_Given information_.
★ ★ ★ ★ ★ ★ ★
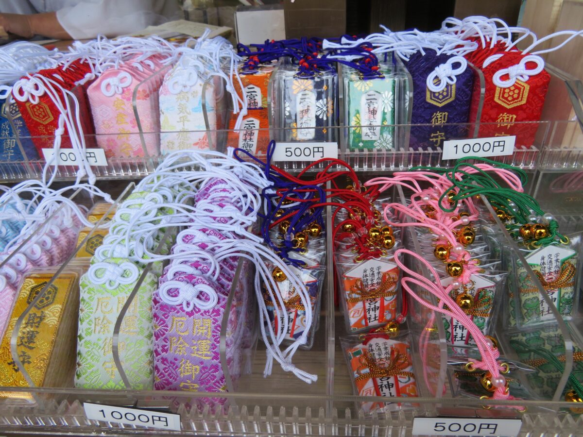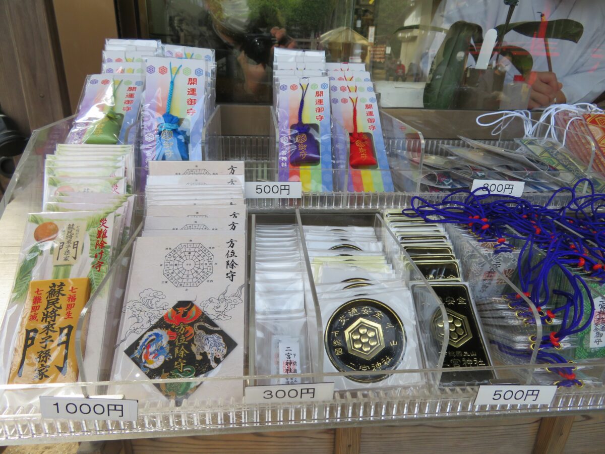 二宮神社では二之鳥居に隣接する授与所で、御朱印を頂くことができます。窓口には、お守りなどバラエティー豊富な授与品も並んでいます。
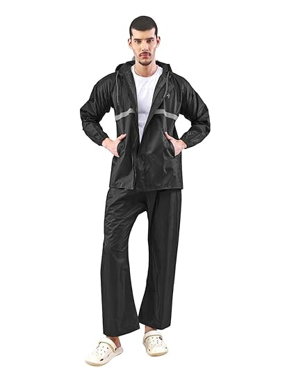 Description: A waterproof raincoat set designed with seam-sealed technology. Comes with an in-built adjustable hood for better rain protection. Includes waterproof pants and a carry pouch for easy storage. Lightweight yet durable, suitable for daily commuters and outdoor use. The rubberised material ensures strong water resistance. A reliable choice for men who need complete rain protection.
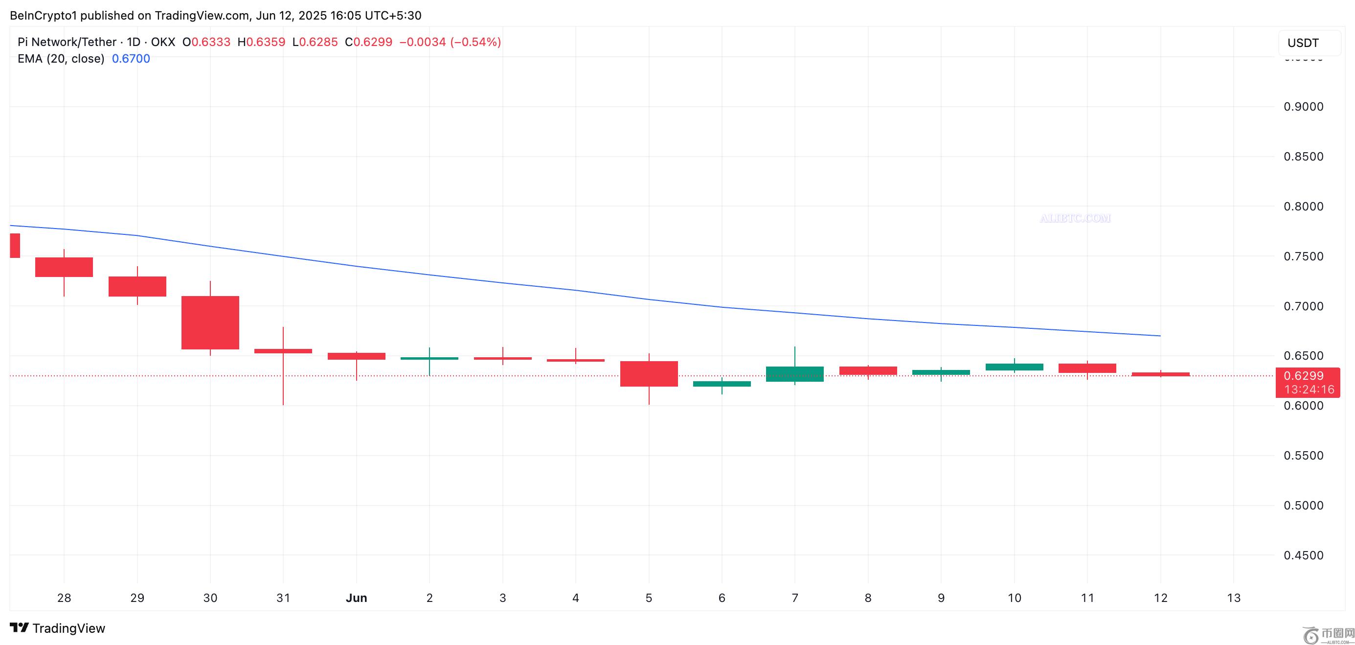 Pi Network 的原生**自 6 月 7 日以来一直横盘整理,此前已连续数周下跌。当前的价格走势反映了买卖双方之间的拉锯战,双方都缺乏足够的信心来引发突破。
★ ★ ★ ★ ★ ★ ★
_What to produce_. All lines above must be repeated exactly, and the pictures must be omitted.

_Completed exercise_.
 二宮神社では二之鳥居に隣接する授与所で、御朱印を頂くことができます。窓口には、お守りなどバラエティー豊富な授与品も並んでいます。
 Description: A waterproof raincoat set designed with seam-sealed technology. Comes with an in-built adjustable hood for better rain protection. Includes waterproof pants and a carry pouch for easy storage. Lightweight yet durable, suitable for daily commuters and outdoor use. The rubberised material ensures strong water resistance. A reliable choice for men who need complete rain protection.
 Pi Network 的原生**自 6 月 7 日以来一直横盘整理,此前已连续数周下跌。当前的价格走势反映了买卖双方之间的拉锯战,双方都缺乏足够的信心来引发突破。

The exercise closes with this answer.